I love Christmas. I’m sure I’m not alone when I say it’s my favorite time of year. I love the excitement, the beauty, and especially the meaning….but it IS a lot of work.
The reason I did not write a blog last week is that I was busy decorating for Christmas. You see, I must have about 2o tubs of Christmas decorations. I have stuff for the inside and stuff for the outside and although it takes a long time and my poor arthritic joints are crying the blues, I enjoy every minute of decorating. However, now it’s a bit more challenging to get all that decorating done and it takes twice as long as it used to do.
Once upon a time, I used to get all my decorating done the day after Thanksgiving. I would start early in the morning and keep at it till it was all done. Now, I always have the first three hours of any day devoted to Lynn’s morning routine of hygiene, toileting, and exercise. Then he rests in bed for 30-60 minutes depending on how restless his legs become. During that time I eat breakfast and start cooking whatever is in low supply for his diet. Then I get him up, connect him to his peddler, work to get him comfortable, and head back to the kitchen to finish cooking. Shortly after this he’s ready to eat breakfast. All and all I usually start being able to decorate about 2-3:00 p.m.
Though he really does try not to bother me too often, on average I get a “call” from him every 45 minutes to an hour.
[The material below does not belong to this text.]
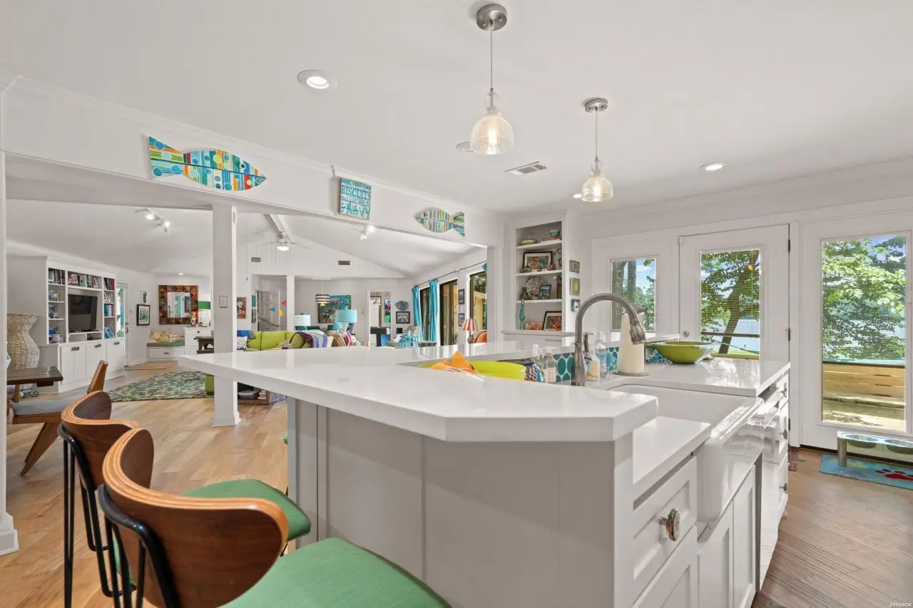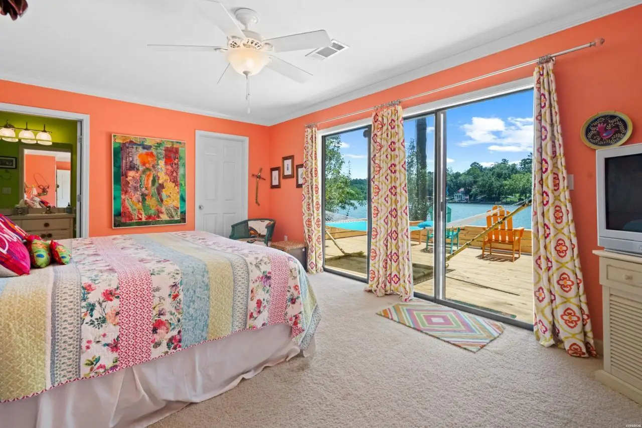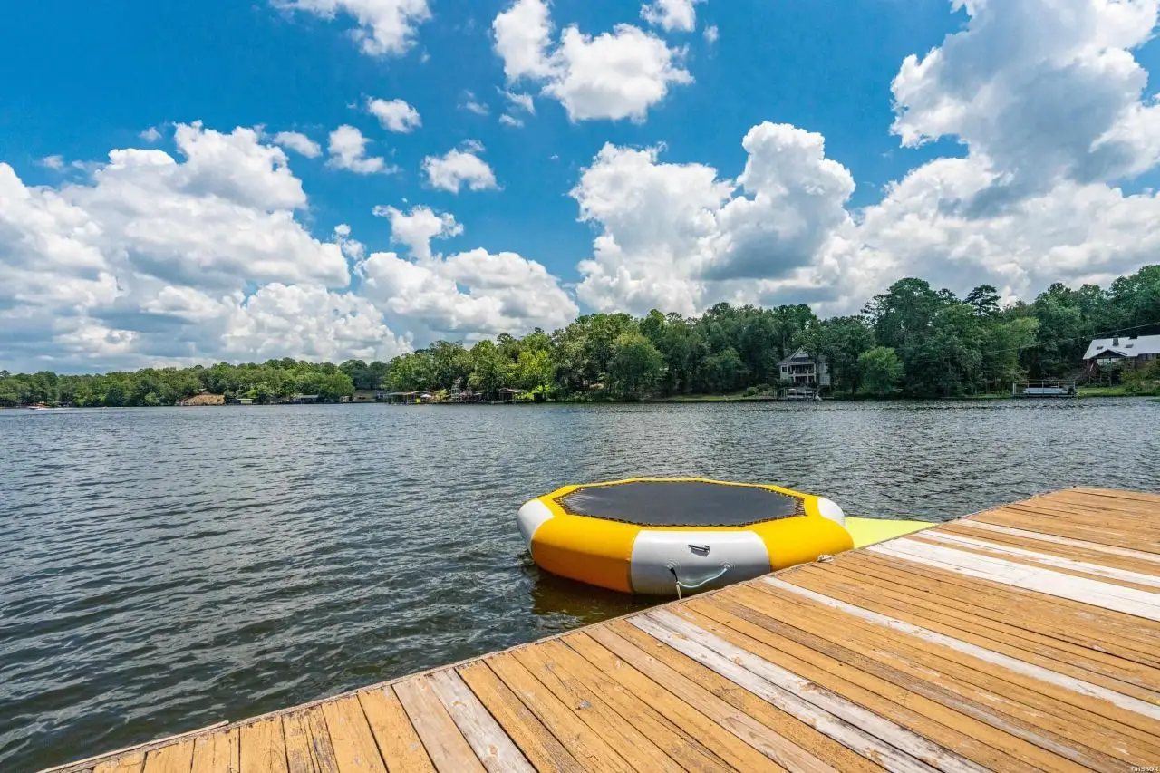 Welcome to your dream lake retreat! This beautifully designed 4-bedroom, 3.5-bathroom lake home offers an open-concept living, kitchen, and dining area, perfect for entertaining or relaxing. As you enter you will immediately be drawn to the lake views! The vaulted ceilings and large living area create a cozy family vibe just waiting for a movie night! This home features a bright and cheerful kitchen designed for both everyday living and entertaining. With vibrant fun finishes, ample counter space, and a gas cooktop, it's the heart of the home - perfect for hosting family and friends. Right off the kitchen you will enjoy the convenience of a wet bar, ideal for serving up refreshments after a day on the water. The spacious walk-in pantry offers plenty of storage, keeping your kitchen organized. In addition to the four spacious bedrooms, the home features two versatile bonus rooms currently used as additional bedrooms?ideal for a home office, exercise room, or extra guests. With dual master suites and two separate living areas on opposite sides of the home, privacy and comfort are thoughtfully considered throughout. The largest master bedroom features an ensuite with WIC, soaking tub, separate walk-in shower and double vanities. Additional conveniences include two laundry areas, making daily routines and guest stays seamless. The home generator will keep everything running smoothly, as well. Enjoy quality time in the game room, or unwind on the large screened-in porch after dinner and listen to the crickets as the sun sets. You can also step outside to a generous deck that spans the backside of the home, offering uninterrupted views of the lake. This property has an impressive lake frontage that spans over 350 feet. The covered double dock with lift and swim dock ensures you're ready for endless lake adventures. Cozy up in the fall for bonfires on the custom built stone patio with firepit. Whether you're seeking a full-time residence or a weekend escape, this home delivers comfort, versatility, and breathtaking views at every turn.

When I answer the call, I’m usually involved with him from 15-20 minutes depending on what he can think to ask me to do. (He stores up his requests so that he won’t bother me as often).
On advantage to decorating now is that once Lynn goes to his room after his morning exercise, he does not venture out again till the next day. Therefore, I can spread out whatever I’m using as much as I need to do. I don’t have to worry about him running over debris with his wheelchair or moving things to where I can’t find them. All decisions related to how or what I decorate are totally mine. His participation is very limited.
While Lynn has never been one to go all out and decorate like I do, he has always enjoyed the season’s festivities as well. We both were involved in choir at church and so we had rehearsals and get-togethers we enjoyed as we prepared for the Christmas cantata. There were family and friend get-togethers where we socialized with those we may not have seen all year. And Lynn loved to cook. He loved to invite family and friends over and provided them a feast.
Now all that has changed.
Lynn still wants to have family and friends over for get-togethers but now I do all the cooking (and I’m not a gourmet cook like he was; nor do I especially like the challenge of cooking for a group). If we have people in, I have to split my time between making sure all the food is prepared and everything is available and running smoothly and taking care of Lynn’s needs. I get to do very little socializing. I stay near Lynn all the time; watching for signs of fatigue or getting overheated. We often have to excuse ourselves so he can bet cathed. He doesn’t like to be fed in front of others so I get him finger foods to nibble on and later I feed him something when he goes back to his room. All too often he feels miserable when others are having fun and that becomes very depressing when it happens so often.
But there is one bright spot for him that he always looks forward to. Lynn always “cheats” on his diet at holidays and gets a big slice of cheesecake. He loves cheesecake and he looks forward to it with excitement every holiday. Somehow that slice of cheesecake seems to make it all worth while.
Even with all the challenges and disappointments, Christmas is a special time of joy, love, and sharing. It’s more difficult than it used to be, true; but it has never lost that special place in our hearts. We still recognize the meaning of Christmas as a time of newness and birth. Christ’s arrival brought hope and promise of a better tomorrow. It was a time of celebration and love. It’s still that for us. It’s a time of joy, remembering that there are possibilities of a better tomorrow in the year ahead. There is the love of family and friends which is renewed when we gather together. There is the promise that thought we struggle with Lynn’s condition each day, there will come a time when we join Jesus in heaven and Lynn will walk again without any fatigue or stiffness and with lots of energy and strength. It’s no wonder I like Christmas.